こんなモサっとした、冴えない僕を待っていてくれた事実――。

 性格も容姿もパーフェクトなマキを、「毒」で犯し、命を奪う――。これこそが、男の喜びである。

「宮崎さん、その恰好は・・トトロですね!」

 大好きな、ジブリアニメキャラのコスプレ。コスプレイヤーと呼ばれる人たちには、ただ好きだからという理由だけで、己の体型とあまりにもかけ離れたキャラに扮する者も多いが、僕はちゃんと、自分の体型と相談して、キャラクターを決めた。しかし、あえて人外のキャラを選んだのは、別の理由があったからだ。

「可愛い~。ちょっと触っても、いいですか?」

「もちろんさ。心行くまで、触るといいよ」

 マキのスベスベした手が、僕のラードに呪われた、不摂生の塊たるぶよぶよボディを這う。快感だった。しかし、今や僕は、童貞ではない。これぐらいでは、ペニス、いや「毒魔羅」は反応しない。

 だが、マキの手が、ある場所に触れた瞬間、ついに、僕の毒魔羅に大量の血液が流し込まれた。

「あれ~。なんかこの尻尾、もふもふ、じゃなくて、もにゅもにゅしますね。粘土を触ってるみたい」

 そりゃ、そうさ。だって君が触っているのは、尻尾じゃなくて、僕のうんちなんだから。

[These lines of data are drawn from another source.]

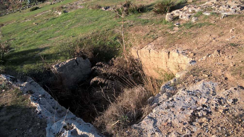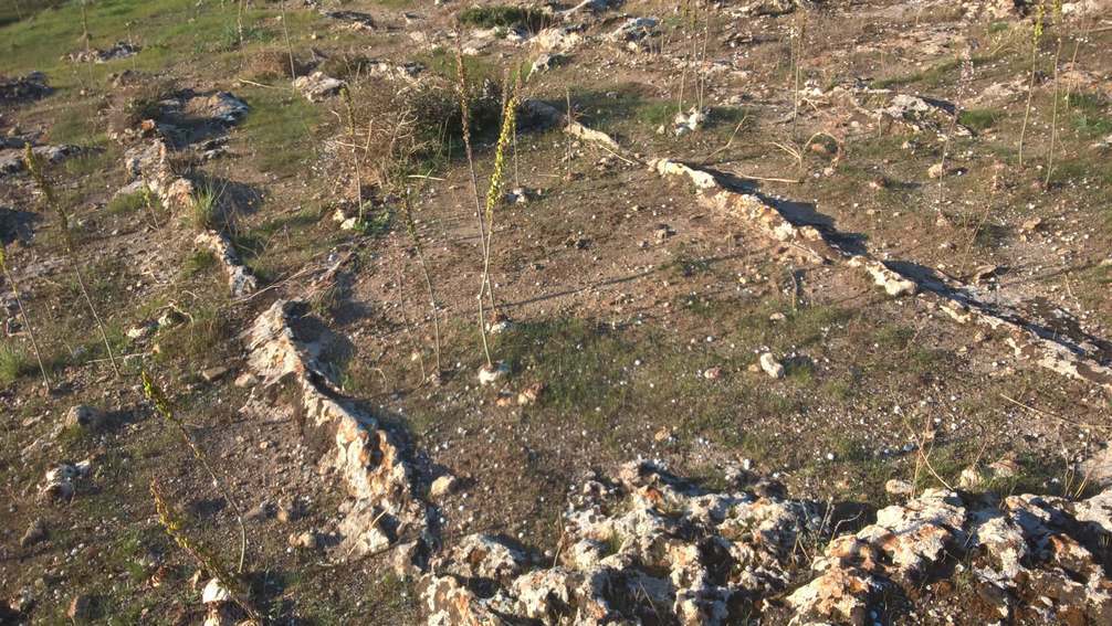 Affiorano tombe, tracce di murature, avvallamenti, elementi di probabili cisterne e depositi, e , certamente, vi è ancora moltissimo da esplorare.
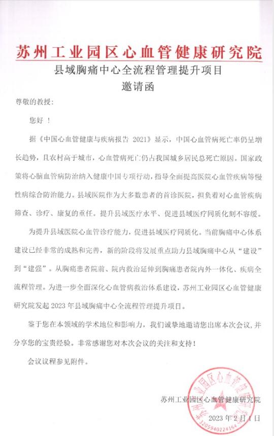 县域胸痛中心全流程管理提升项目邀请函
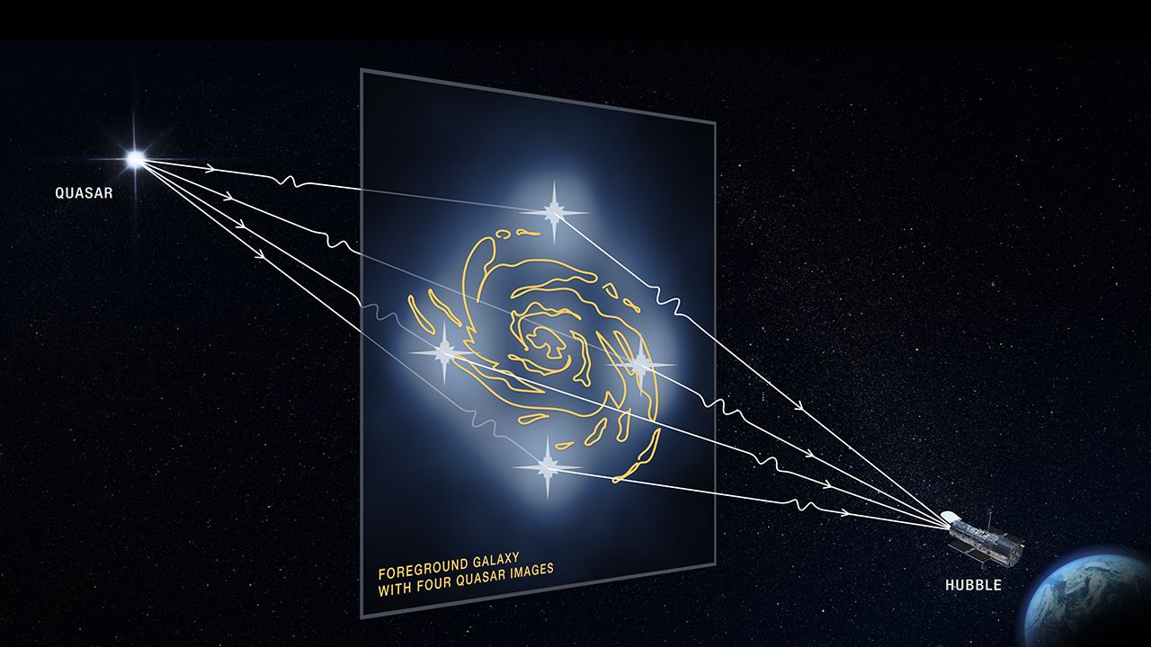 Hubble images of a background quasar and its host galaxy surrounding the central core of a foreground massive galaxy. Credit: NASA/ESA/A. Nierenberg (JPL)/T. Treu (UCLA)
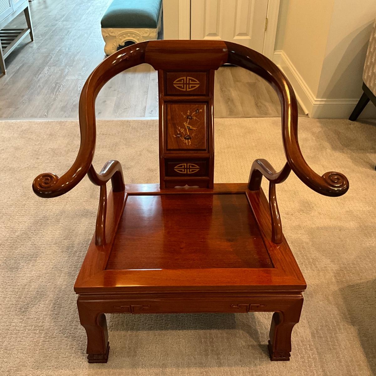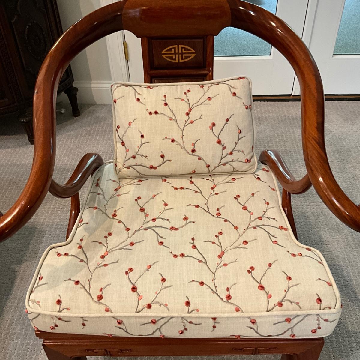 Beautiful Inlay Chinese Rosewood Armchair measuring 21" wide x 28" deep x 31" high x 21" seat depth x 17" seat height with cherry blossom pillow and cushion with extra custom pillow (orange silk blend)

 道行く誰もが振り返る美しいマキが、汚らしい僕のうんちを触っている――。おむつ、ステテコパンツ、着ぐるみと、三つの物質に遮られてしまっているが、紛れもなくマキは、僕のうんちを触っている――。これが興奮せずにいられるだろうか。これこそが、僕がコスプレに、「トトロ」を採用した狙いだった。

 そして僕は、「毒魔羅」を滾らせ、おしりには、尻尾ならぬうんちを振り振りさせながら、秋葉原の町を練り歩いた。僕のこのうんちを、マキの可愛らしいおしりに、浣腸用の注射器か何かを使って注入する・・・そんな妄想が止まってくれなくて、どうにも困る。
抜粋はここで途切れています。